For some reason, I end up sculpting hands separately. For no reason what so ever.

The Jet




 For Jim's jet engine I gathered a few parts to form the interior of the jet engine. Shown here is some guttering, a sauce pan lid (left over from the build of my Greeter from Oddworld) and a bit of a Pot Noodle container. (I needed a cylinder which tapered and the container was the perfect size)



For the outer shell of the jet engine I cut up an old measuring jug of mine and sanded off the numbers to make it smooth. The parts where then painted and glossed.

For the turbine inside the engine an old 80mm PC cooling fan was used and sprayed yellow.

The detail




Earthworm Jim was painted with Vallejo Air acrylic. It took a lot... A LOT to get a consistent white finish. Accents were airbrushed with a faint light blue.

Some thin blue ribbon was then added for the detailed area.


The attitude

(I know, right?...)






HASHTAG HOLLA AT MY LED STRIP LIGHTS





Thanks for looking/reading

ADVANCE WARS TANK (+SPECIAL GUEST)

This one is was a really quick build - and so the write up is brief... I based the overall design on the tank shown here, but I added some stuff...

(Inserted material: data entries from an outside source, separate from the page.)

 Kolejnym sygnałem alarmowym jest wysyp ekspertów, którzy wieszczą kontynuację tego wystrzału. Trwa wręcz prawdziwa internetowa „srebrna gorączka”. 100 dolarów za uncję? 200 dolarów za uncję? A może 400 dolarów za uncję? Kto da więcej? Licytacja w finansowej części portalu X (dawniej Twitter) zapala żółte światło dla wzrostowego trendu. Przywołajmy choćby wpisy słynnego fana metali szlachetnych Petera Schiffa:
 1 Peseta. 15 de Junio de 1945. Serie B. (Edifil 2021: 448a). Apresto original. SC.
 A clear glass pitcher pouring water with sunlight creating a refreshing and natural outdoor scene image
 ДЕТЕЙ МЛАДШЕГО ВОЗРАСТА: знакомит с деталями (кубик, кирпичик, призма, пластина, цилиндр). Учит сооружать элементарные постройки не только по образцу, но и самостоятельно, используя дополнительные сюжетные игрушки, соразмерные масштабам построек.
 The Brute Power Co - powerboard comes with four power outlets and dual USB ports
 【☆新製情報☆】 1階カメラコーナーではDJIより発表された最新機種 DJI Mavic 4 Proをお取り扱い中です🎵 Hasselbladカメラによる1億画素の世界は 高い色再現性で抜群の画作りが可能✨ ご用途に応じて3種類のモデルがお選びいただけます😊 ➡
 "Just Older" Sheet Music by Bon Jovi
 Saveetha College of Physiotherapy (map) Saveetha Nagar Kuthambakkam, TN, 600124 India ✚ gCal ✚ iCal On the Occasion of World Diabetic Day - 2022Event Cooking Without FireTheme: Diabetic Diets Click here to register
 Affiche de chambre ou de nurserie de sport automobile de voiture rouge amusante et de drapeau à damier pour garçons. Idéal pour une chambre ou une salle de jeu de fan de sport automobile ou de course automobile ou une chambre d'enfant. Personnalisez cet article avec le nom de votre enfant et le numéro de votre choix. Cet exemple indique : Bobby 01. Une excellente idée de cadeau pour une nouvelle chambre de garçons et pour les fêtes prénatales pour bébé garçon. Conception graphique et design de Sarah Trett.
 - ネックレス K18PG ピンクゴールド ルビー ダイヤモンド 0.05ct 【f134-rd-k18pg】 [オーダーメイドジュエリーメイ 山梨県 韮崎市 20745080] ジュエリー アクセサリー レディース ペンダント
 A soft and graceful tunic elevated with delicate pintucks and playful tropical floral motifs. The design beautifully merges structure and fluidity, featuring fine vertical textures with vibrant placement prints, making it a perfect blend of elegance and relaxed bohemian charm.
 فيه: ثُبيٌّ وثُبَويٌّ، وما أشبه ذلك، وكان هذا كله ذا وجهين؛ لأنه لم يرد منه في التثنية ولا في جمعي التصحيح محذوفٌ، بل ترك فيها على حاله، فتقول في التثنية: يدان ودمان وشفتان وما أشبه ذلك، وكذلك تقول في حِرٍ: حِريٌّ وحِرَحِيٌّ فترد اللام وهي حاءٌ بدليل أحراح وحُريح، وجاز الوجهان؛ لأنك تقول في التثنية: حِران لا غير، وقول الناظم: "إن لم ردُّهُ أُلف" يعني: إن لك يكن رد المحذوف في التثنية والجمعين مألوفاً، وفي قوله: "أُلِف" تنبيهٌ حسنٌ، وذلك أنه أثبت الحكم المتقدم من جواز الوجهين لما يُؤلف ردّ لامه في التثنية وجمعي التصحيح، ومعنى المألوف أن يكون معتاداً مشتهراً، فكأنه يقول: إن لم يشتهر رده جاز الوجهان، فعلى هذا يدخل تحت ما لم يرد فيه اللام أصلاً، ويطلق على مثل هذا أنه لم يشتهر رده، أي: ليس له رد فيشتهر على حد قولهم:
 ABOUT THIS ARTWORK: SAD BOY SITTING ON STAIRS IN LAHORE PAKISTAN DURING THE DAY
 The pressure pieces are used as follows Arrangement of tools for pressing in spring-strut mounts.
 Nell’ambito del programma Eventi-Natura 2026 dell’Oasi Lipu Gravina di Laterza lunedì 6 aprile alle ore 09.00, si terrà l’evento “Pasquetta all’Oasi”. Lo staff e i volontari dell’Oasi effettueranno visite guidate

Some plans were drawn, which were mainly for scale - as for speed and time I changed some minor details depending on what materials I had to hand and what looked better in the moment.

  

The entire tank is built from scratch out of styrene. I had a hard time working out how to do tracks thought... Then I got lucky and found some Lego caterpillar tracks which weirdly fit perfectly - Honestly so perfectly, like, to the millimeter.

Some other pieces were taken from my box of not-want (recycled plastic). I kind of kit-bashed myself. Pieces include knees from my Slig, fuel rods from the Hunter and old favourites - ping pong balls and bits of pen.

It needed a gruff bloke sticking out of the top of it though... So who better than the solider from Team Fortress 2.